Head: in-memory character trie. A trie (prefix tree) stores the top 8 suggestions precomputed for every prefix. A prefix lookup is a walk of a few pointers. Worst case time complexity: O(length of what you typed). 头部:内存中的字符前缀树(Trie)。前缀树为每个前缀预先计算并存储了前 8 个建议。前缀查找只需遍历几个指针。最坏情况下的时间复杂度为:O(输入长度)。
Tail: SSD backed memory-mapped block index. The CZDS domains are sorted and delta-compressed into fixed-size blocks with a tiny in-memory directory. A lookup binary-searches the directory (27 MB), then linearly scans one block of 256 names. The 240M domain names take about 2.5 GB of disk space. Hot pages are cached in memory by the OS. Worst case time complexity: O(length of what you typed * log(number of domains)). 尾部:基于 SSD 的内存映射块索引。CZDS 域名经过排序和增量压缩,存储在固定大小的块中,并配有一个微小的内存目录。查找时先对目录(27 MB)进行二分搜索,然后线性扫描一个包含 256 个名称的块。2.4 亿个域名占用约 2.5 GB 磁盘空间。

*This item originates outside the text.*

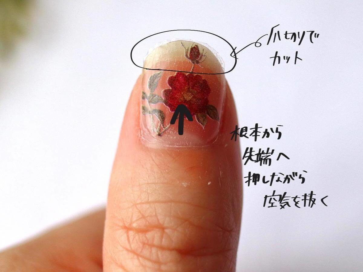 真ん中に狙いを定めネイルシールを貼った後は、根本から先端にかけて少し押しながら中の空気を抜いていきます。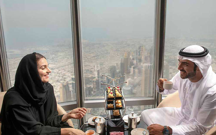 Το άρτι αφιχθέν The Lounge απλώνεται σε τρεις ορόφους (152-153-154) στο ψηλότερο κτήριο στον κόσμο, το Burj Khalifa, σε ύψος 575 μέτρων, και λειτουργεί τόσο ως μπαρ, όσο και ως εστιατόριο.

热点页面由操作系统缓存在内存中。最坏情况下的时间复杂度为:O(输入长度 * log(域名总数))。
Both the number of domains and the query length are bounded. That makes the worst case for both data structures effectively O(1), which should keep p99 latency low. Let’s see. Every keystroke travels Browser → Cloudflare → nginx → API and the response returns along the same path. 域名数量和查询长度都是有限的。这使得两种数据结构的最坏情况实际上都是 O(1),这应该能保持较低的 p99 延迟。让我们看看。每次按键都会经过“浏览器 → Cloudflare → nginx → API”的路径,响应则沿原路返回。
Most requests are answered within 2 ms by the API. Even at 1.6k req/s, Nginx + the API responds in 15 ms 99% of the time. I’m sure we could shave off a couple of milliseconds, but I’m happy with this. Optimizing the API further doesn’t make sense, since the network dominates latency. In practice, the autocomplete latency is about equal to the round trip time from the browser through Cloudflare to the server + 10 ms. 大多数请求在 2 毫秒内即可由 API 响应。即使在每秒 1.6k 次请求的情况下,Nginx + API 也能在 99% 的时间内于 15 毫秒内完成响应。我相信我们还能再挤出几毫秒,但我对目前的结果很满意。进一步优化 API 意义不大,因为网络延迟才是主导因素。实际上,自动补全的延迟大约等于从浏览器经由 Cloudflare 到服务器的往返时间再加上 10 毫秒。